Items listed in a dataset:
● ● ● ● ●

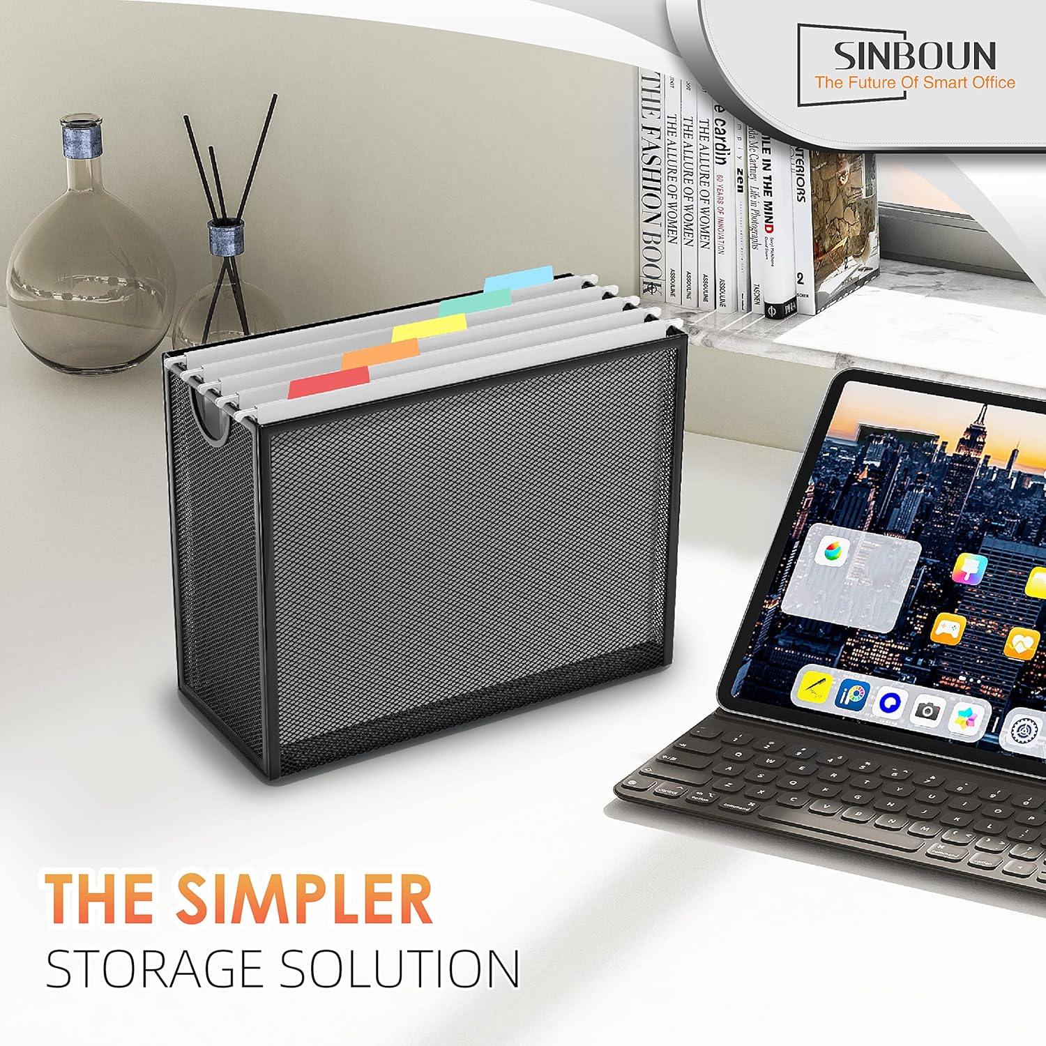 Sinboun Hanging File Organizer Letter-Size File Holder Filing Box Includes 5 Hanging Folders - Metal Mesh Magazine Letter Storage Cabinets File Cart for Office Home School, No Assembly Required
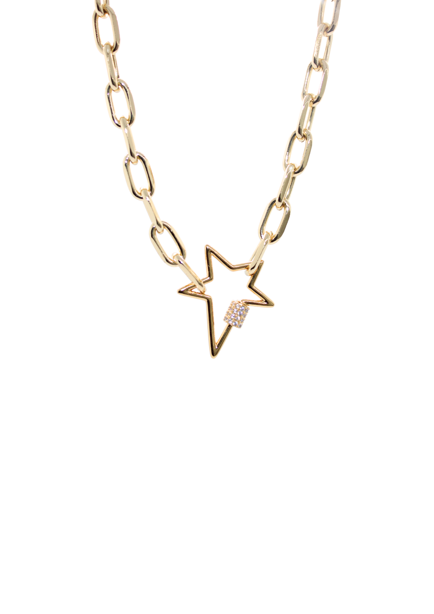 Una fusión de encanto y seguridad. Con un candado adornado con una estrella, este collar representa la protección de tus sueños y aspiraciones. Fabricado con materiales de calidad y un diseño cautivador, es una pieza que agrega un toque de estilo y significado a tu look. Lleva contigo la promesa de protección y brillo con nuestro Collar Candado Estrella.
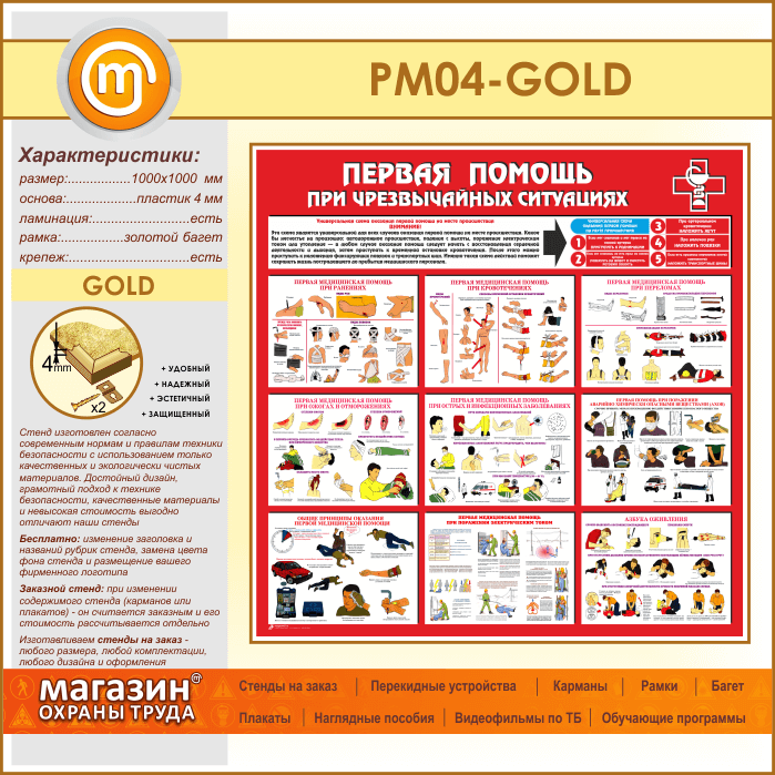 Стенд «Первая помощь при чрезвычайных ситуациях» (PM-04-GOLD) в Щёлково купить
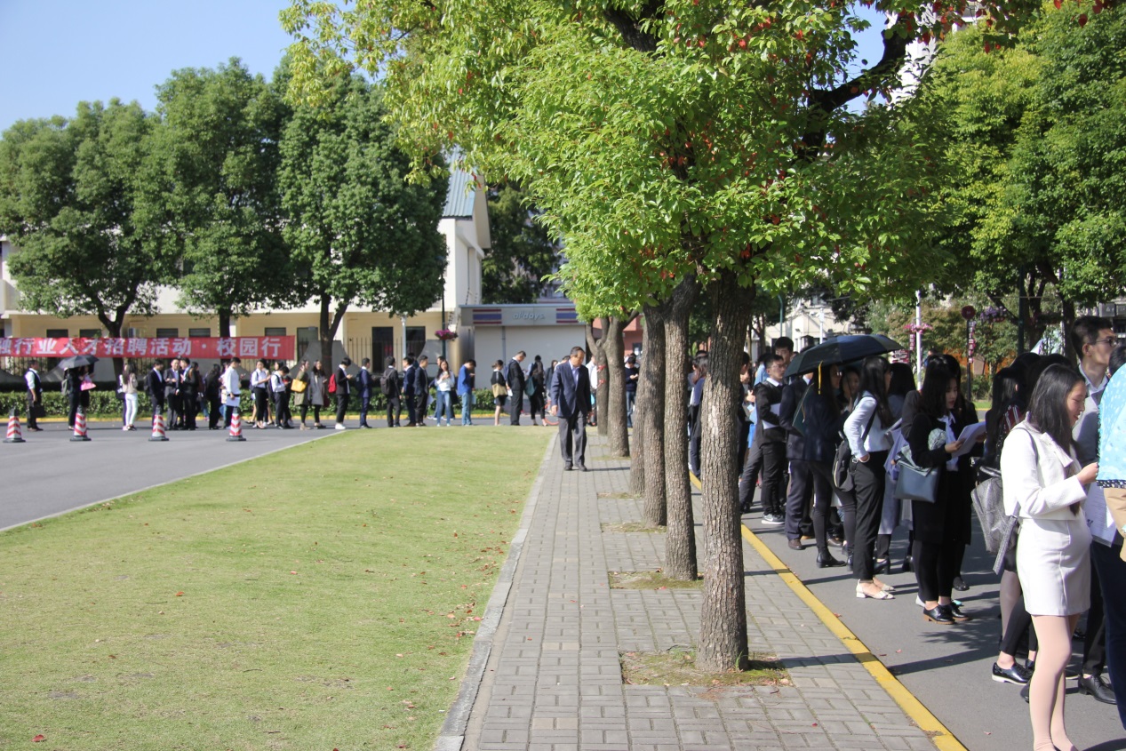 1点30分,招聘会准时开始,同学们手持简历,在自己心仪单位的展位前依次排队,等候HR现场单面。爱建证券、富邦华一银行、宁波银行摊位前早早排成多路长队。面试环节,我校学子表现沉稳,态度主动,频频获得HR的肯定。
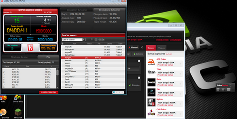 Ainsi, il a participé au MyPok Limited Series, et a terminé 5ème du tournoi (sur 65 joueurs environ). Il a remporté 140 euros.
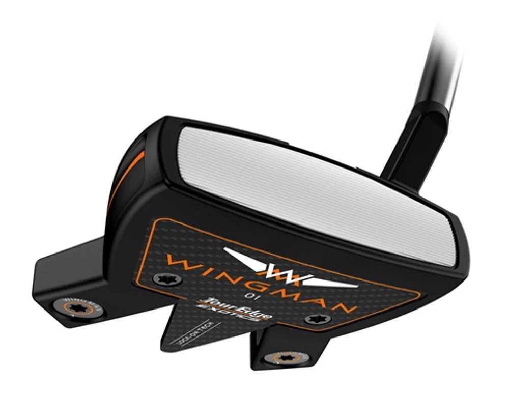 Exotics Wingman putter by Tour Edge is an extreme M.O.I. modern mini-mallet design that forces the face square to the swing path for a true roll due to the weighted wings featured on Wingman.
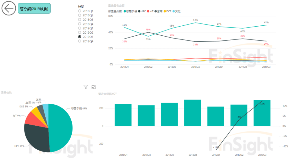 產品分類在 2019 年有重新定義,2019Q3 智慧手機是主要的營收來源,HPC 的比重也有三成。若想看舊的分類比重,也可以點選「舊分類 (2019以前)」按鈕查看。
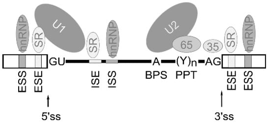 Alternative splicing is known to be regulated by a complex process in which cis-acting elements and trans-acting splicing factors are involved [3]. Cis-acting elements include exonic/intronic splicing enhancers (ESE/ISE) and silencers (ESS, ISS) within the pre-mRNA. Trans-acting factors include the well-characterized splicing regulators are serine–arginine-rich (SR) family proteins, the auxiliary factor of U2 small nuclear ribonucleoprotein (U2AF), heterogeneous ribonucleoproteins (hnRNPs), etc. Thus, multiple splicing factors, such as SR proteins and hnRNPs, regulate exon removal or its inclusion into forming mRNA through binding exonic/intronic splicing enhancers or exonic/intronic splicing silencers in the pre-mRNA [21] (Figure 2).
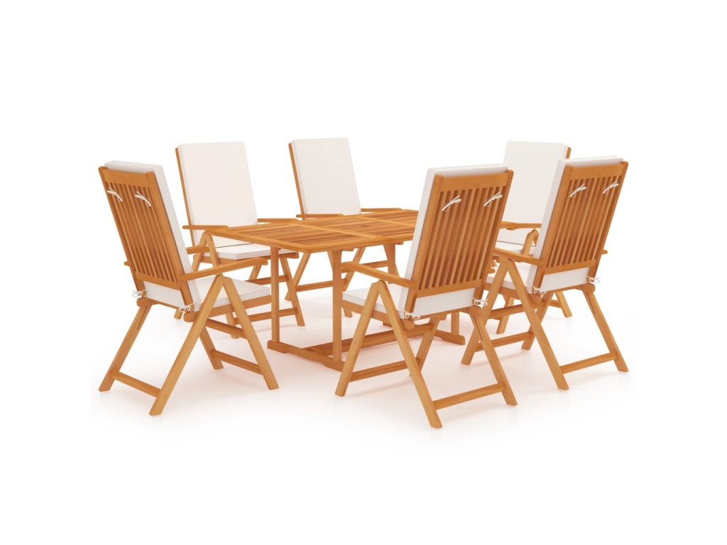 Súprava má krásnu povrchovú úpravu, ktorá dodáva drevu teplú farbu. Stôl má otvor na slnečník, čím poskytuje ochranu pred slnkom. Operadlá stoličiek sú nastaviteľné do 5 polôh, aby ste si vždy našli tú najpohodlnejšiu pozíciu. Vďaka sklopnému dizajnu sa dajú stoličky sklopiť, aby sa ušetrilo miesto, keď sa nepoužívajú. Sú tiež ľahké a ľahko sa presúvajú. Hrubé čalúnené vankúše poskytujú maximálne pohodlie a poťahy na vankúše sú odnímateľné pre ľahké pranie. Sada nábytku vám poskytuje pohodlie a príjemný čas strávený so svojou rodinou a priateľmi. Okrem toho sa táto sada ľahko čistí vlhkou handričkou.
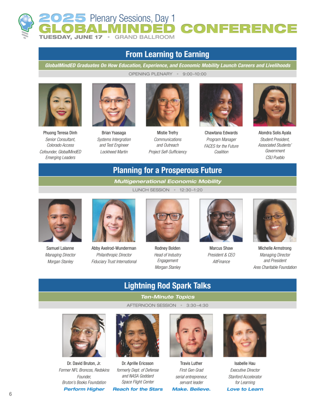 The day begins in the Grand Ballroom with an energizing opening plenary that centers the voices of GlobalMindED graduates. These emerging leaders share how education and experience have propelled them toward meaningful careers—and how institutions can better support multigenerational economic mobility.
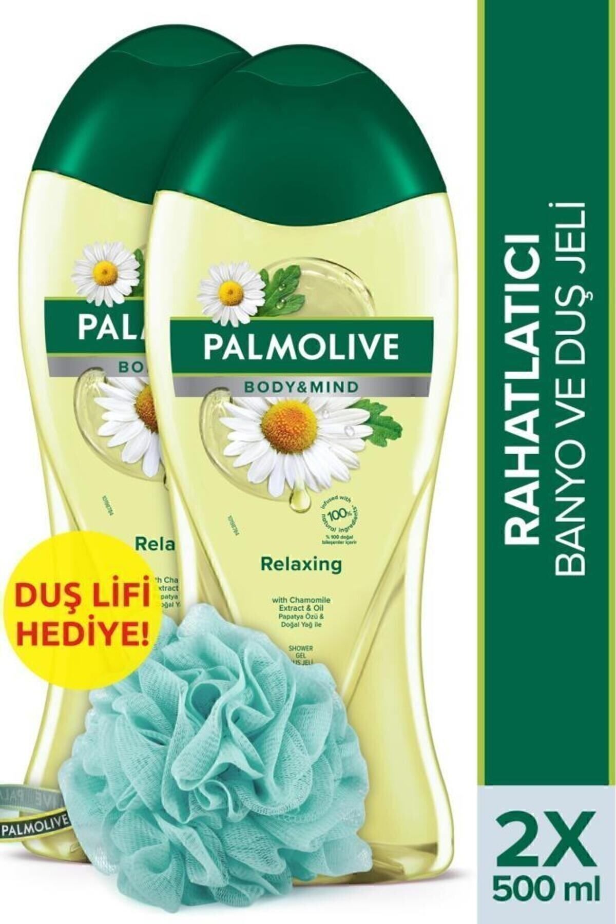Palmolive Body & Mind Chamomile Essence Relaxing Bath and Shower Gel 500 ml X 2 Pieces Shower Loofah Gift
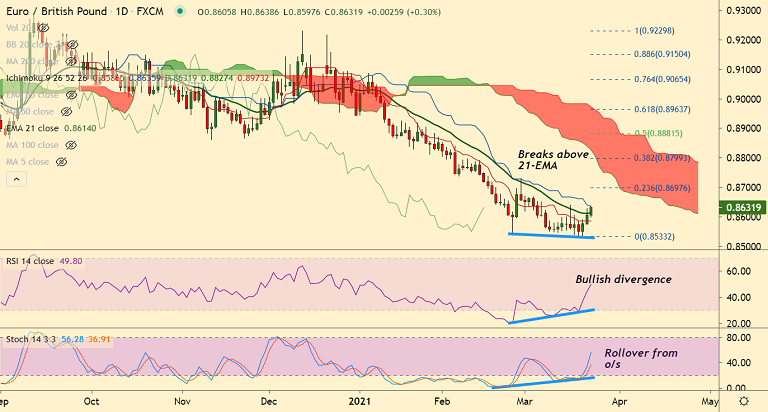 EUR/GBP set for further gains as price action breaks above 21-EMA. Major trend still remains bearish. Doji on the previous week's candle raises scope for further gains. Next bull target lies at 23.6% Fib at 0.8697.
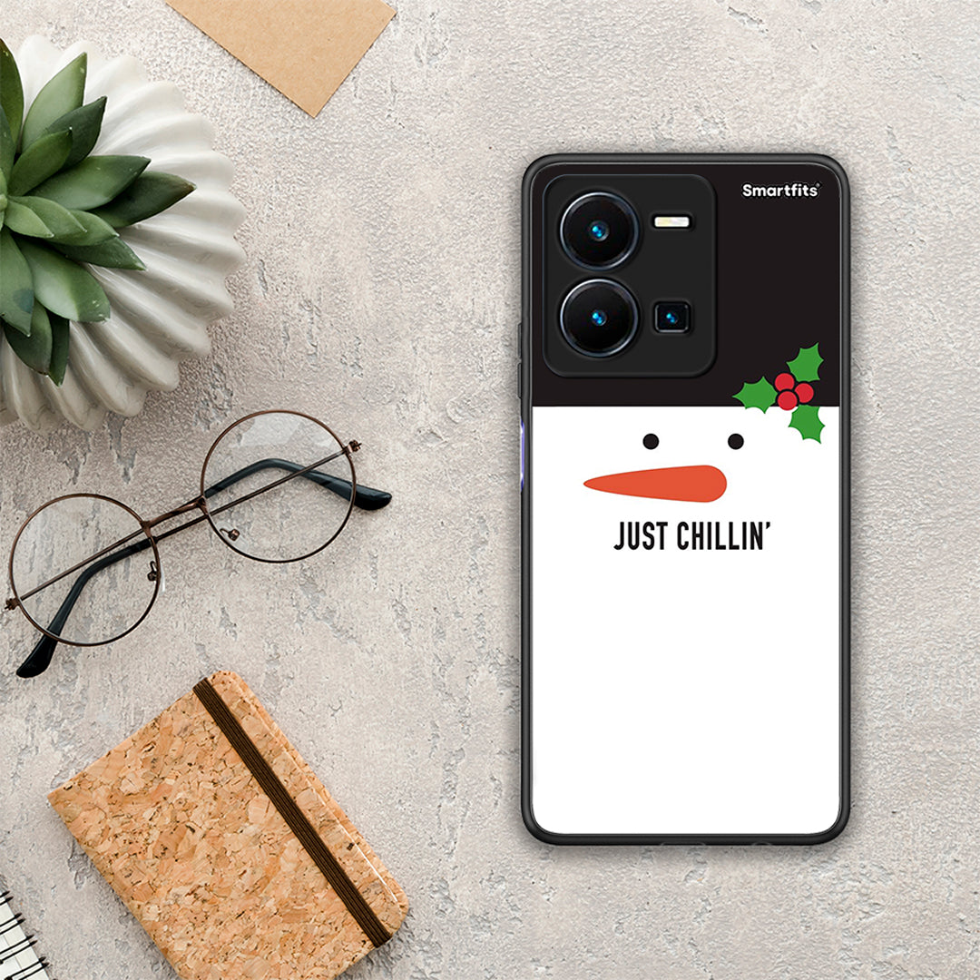 Θήκη Vivo Y35 5G Christmas Chillin από τη Smartfits με σχέδιο στο πίσω μέρος και μαύρο περίβλημα | Vivo Y35 5G Christmas Chillin case with colorful back and black bezels
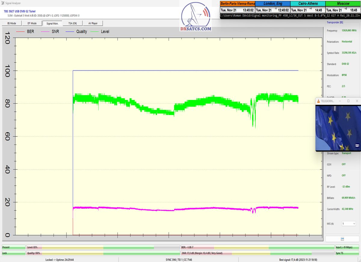►►Eutelsat 5 West B at 5.0°W-Transalpine-Multistream : Proving in the monitoring unit t=24 hours

● ● ● ● ●

Without changing a word, transcribe all of the data and omit its images.

 Sinboun Hanging File Organizer Letter-Size File Holder Filing Box Includes 5 Hanging Folders - Metal Mesh Magazine Letter Storage Cabinets File Cart for Office Home School, No Assembly Required
 Una fusión de encanto y seguridad. Con un candado adornado con una estrella, este collar representa la protección de tus sueños y aspiraciones. Fabricado con materiales de calidad y un diseño cautivador, es una pieza que agrega un toque de estilo y significado a tu look. Lleva contigo la promesa de protección y brillo con nuestro Collar Candado Estrella.
 Стенд «Первая помощь при чрезвычайных ситуациях» (PM-04-GOLD) в Щёлково купить
 1点30分,招聘会准时开始,同学们手持简历,在自己心仪单位的展位前依次排队,等候HR现场单面。爱建证券、富邦华一银行、宁波银行摊位前早早排成多路长队。面试环节,我校学子表现沉稳,态度主动,频频获得HR的肯定。
 Ainsi, il a participé au MyPok Limited Series, et a terminé 5ème du tournoi (sur 65 joueurs environ). Il a remporté 140 euros.
 Exotics Wingman putter by Tour Edge is an extreme M.O.I. modern mini-mallet design that forces the face square to the swing path for a true roll due to the weighted wings featured on Wingman.
 產品分類在 2019 年有重新定義,2019Q3 智慧手機是主要的營收來源,HPC 的比重也有三成。若想看舊的分類比重,也可以點選「舊分類 (2019以前)」按鈕查看。
 Alternative splicing is known to be regulated by a complex process in which cis-acting elements and trans-acting splicing factors are involved [3]. Cis-acting elements include exonic/intronic splicing enhancers (ESE/ISE) and silencers (ESS, ISS) within the pre-mRNA. Trans-acting factors include the well-characterized splicing regulators are serine–arginine-rich (SR) family proteins, the auxiliary factor of U2 small nuclear ribonucleoprotein (U2AF), heterogeneous ribonucleoproteins (hnRNPs), etc. Thus, multiple splicing factors, such as SR proteins and hnRNPs, regulate exon removal or its inclusion into forming mRNA through binding exonic/intronic splicing enhancers or exonic/intronic splicing silencers in the pre-mRNA [21] (Figure 2).
 Súprava má krásnu povrchovú úpravu, ktorá dodáva drevu teplú farbu. Stôl má otvor na slnečník, čím poskytuje ochranu pred slnkom. Operadlá stoličiek sú nastaviteľné do 5 polôh, aby ste si vždy našli tú najpohodlnejšiu pozíciu. Vďaka sklopnému dizajnu sa dajú stoličky sklopiť, aby sa ušetrilo miesto, keď sa nepoužívajú. Sú tiež ľahké a ľahko sa presúvajú. Hrubé čalúnené vankúše poskytujú maximálne pohodlie a poťahy na vankúše sú odnímateľné pre ľahké pranie. Sada nábytku vám poskytuje pohodlie a príjemný čas strávený so svojou rodinou a priateľmi. Okrem toho sa táto sada ľahko čistí vlhkou handričkou.
 The day begins in the Grand Ballroom with an energizing opening plenary that centers the voices of GlobalMindED graduates. These emerging leaders share how education and experience have propelled them toward meaningful careers—and how institutions can better support multigenerational economic mobility.
Palmolive Body & Mind Chamomile Essence Relaxing Bath and Shower Gel 500 ml X 2 Pieces Shower Loofah Gift
 EUR/GBP set for further gains as price action breaks above 21-EMA. Major trend still remains bearish. Doji on the previous week's candle raises scope for further gains. Next bull target lies at 23.6% Fib at 0.8697.
 Θήκη Vivo Y35 5G Christmas Chillin από τη Smartfits με σχέδιο στο πίσω μέρος και μαύρο περίβλημα | Vivo Y35 5G Christmas Chillin case with colorful back and black bezels
►►Eutelsat 5 West B at 5.0°W-Transalpine-Multistream : Proving in the monitoring unit t=24 hours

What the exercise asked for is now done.